SFR schrieb:Dies alles könnte in der Hauptverhandlung korrigiert werden. Allerdings lauert auch dort eine psychologische Falle. Die Richter haben die Akten gelesen und das Hauptverfahren eröffnet - also eine Vorentscheidung getroffen, wonach eine Verurteilung "hinreichend wahrscheinlich" sei. Menschen stellen indes einmal getroffene Entscheidungen ungern in Frage, das lehrt die Theorie der "kognitiven Dissonanz": "Dissonante", also der Anklage widersprechende Informationen haben eine wesentlich geringere Chance auf Gehör als solche, welche die Anklage stützen.
Ich weiß, dass es nichts bringen wird, diese immer wieder ins Feld geführte Fehlannahme zu korrigieren. Ich wende mich daher nicht an SFR, sondern an die ernsthaft Interessierten:
Der StA schickt seine Anklageschrift zum zuständigen Gericht mit dem Antrag, die Hauptverhandlung zu eröffnen. Wenn es sich nicht nur um kleinere Delikte und einfache Sachverhalte handelt, dann ist der Anklageschrift zudem das wesentliche Ergebnis der Ermittlungen beigefügt. Dort wird mal mehr, mal weniger detailiert dargestellt, wie es zu den Ermittlungen überhaupt kam, warum Ermittlungen eingeleitet wurden, welche Beweise man ermittelt hat und warum all dies dazu geführt hat, dass der StA einen hinreichenden Tatverdacht hat.
Im sog. Zwischenverfahren prüft der Richter die Anklageschrift darauf, ob sie überhaupt alles Tatbestandsmerkmale der angeklagten Tat enthält. Weiter prüft der Richter (oder besser: das Gericht), ob die angebotenen Beweise in Verbindung mit dem wesentlichen Ergebnis der Ermittlungen ebenfalls tauglich sind, den Tatverdacht zu erhärten. Das Gericht prüft z.B. auch die Zulässigkeit der angebotenen Beweismittel.

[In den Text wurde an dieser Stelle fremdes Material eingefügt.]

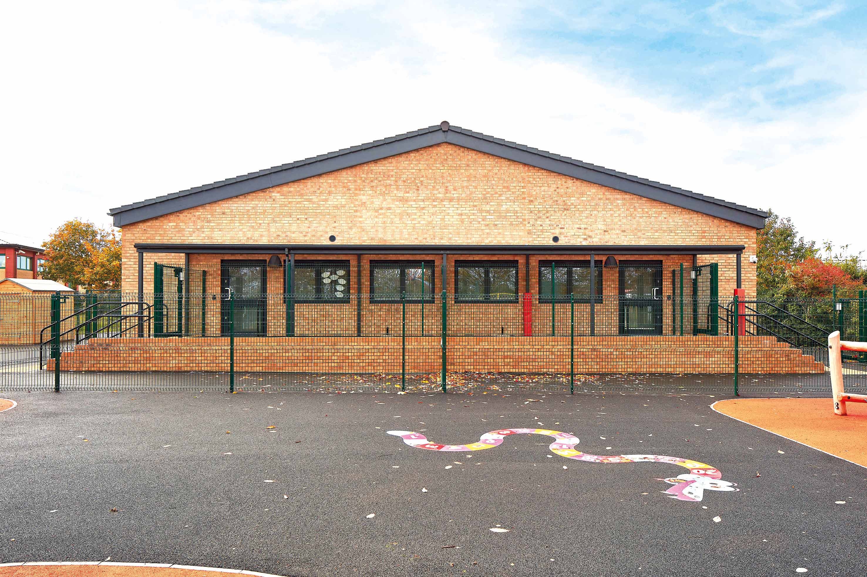 IN the construction industry, it’s sometimes easy to overlook the importance of a simple classroom block. The latest addition to Ty Gwyn Special School may look like a normal school building, but it is packed with interesting features and was delivered using modern methods of construction. The block is surrounded by security fencing with access-controlled gates and CCTV to ensure pupil safety when in school, and at either end of the block, bespoke, powder coated aluminium canopies coversmall separate playgrounds for each class, leading to a wider playground with built inplay equipment.

Wenn das Gericht alle notwendigen Voraussetzungen für die Eröffnung der Hauptverhandlung für gegeben hält, wird dem Antrag der StA stattgegeben und die HV eröffnet.
Aber: Bis zu diesem Zeitpunkt hat der Richter/ das Gericht noch nicht einen Zeugen gehört, den Angeschuldigten nicht ein Mal vernommen und noch nicht alle Beweise gesichtet.
Der Richter kann(!) also gar kein Vorurteil fällen, weil die Beweisaufnahme in der Hauptverhandlung für ihn/ das Gericht noch immer offen ist. Und der angehende Jurist lernt bereits im Referendariat, dass sich in einer HV durchaus ein anderes Bild des gesamten Vorgangs ergeben kann, als es in der Anklageschrift gezeichnet wurde.
Hier von "psychologischen Fallen" zu sprechen ist nur vermeintlich schlau daher geredet, zeigt aber deutlich, dass der Urheber dieser Behauptung keine Ahnung von den Vorgängen im Strafverfahren hat.